Jay White vs Kota Ibushi

Jay White remains 2020 Ric Flair, and he does it all so perfectly. Special shout out to that top rope Uranage, which was sick as fuck. I don’t talk about MOVES here very much, but that is not what I am interested in as far as writing about this shit goes. But exceptions can be made especially when they are so cool as that, which was some top level throw wizardry and reminds you that Jay White has a ridiculously deep toolkit to work from as he invents himself anew with every match. He is quite possibly the best MOVES guy for me right now. Ibushi meanwhile remains a dude who will die in the ring and also a dude who is probably weird as fuck outside it. I mean he gets concussed so regularly but it doesn’t even matter because he is essentially on autopilot most of the time. Where does he go from here? I don’t know, but it will be interesting to see if they put the jetpack on him.

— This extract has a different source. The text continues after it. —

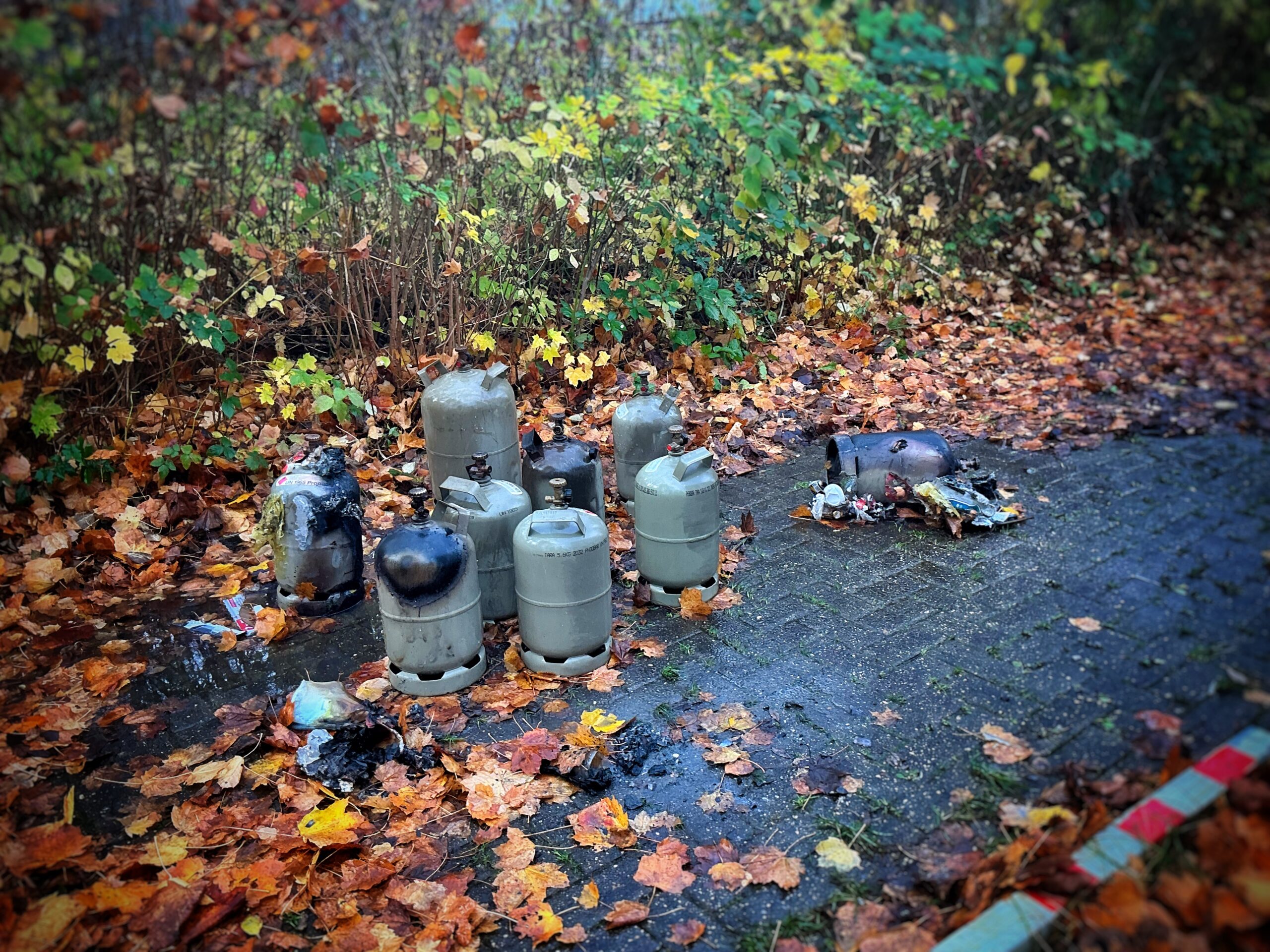 Nach Abschluss der feuerwehrtechnischen Maßnahmen wurde die Einsatzstelle an die Polizei übergeben, die sowohl die Ermittlungen zur Brandursache aufgenommen hat als auch den Abtransport der Gasbehälter veranlasste.

Hiroshi Tanahashi vs Chris Jericho

Chris Jericho is fascinating to me because he was never that big a star, but he has managed to leverage himself into being maybe the top guy in the world wrestling hierarchy. His command of the crowd is about as good as it gets and he’s just still good enough at the MOVES part of it all that it works. It is sorry to see Tanahashi gently prodded down the line, but I still think he can be a dude who holds up his end for a while and be like Fujinami, who looked great at the age of 142 the other night. Anyway, this was two elder wrestle dudes going at it and it was pretty damn good.


Okada vs Naito

They fucking got me with this. I spent the last ten minutes of the match on my feet cheering on Naito, which is how you know they are doing the wrestling well.  Especially because as I said last night that Naito doesn’t really do it for me, but I was all his on this night and it was the right night and time for him, and even if he doesn’t get a long run, it doesn’t matter, because this was his victory, this was him winning the game for himself and I have to commend him for that. After all was said and done and KENTA running wild as the big villain, I was totally satisfied of this thing, this fusion of sport and theater, in a way that doesn’t happen anywhere else really. Okada’s part in it was note perfect as per usual, and he will always be The Guy, but this was Naito’s night and it was fun as hell and it was what had to happen. And that’s how you make a Wrestle Kingdom.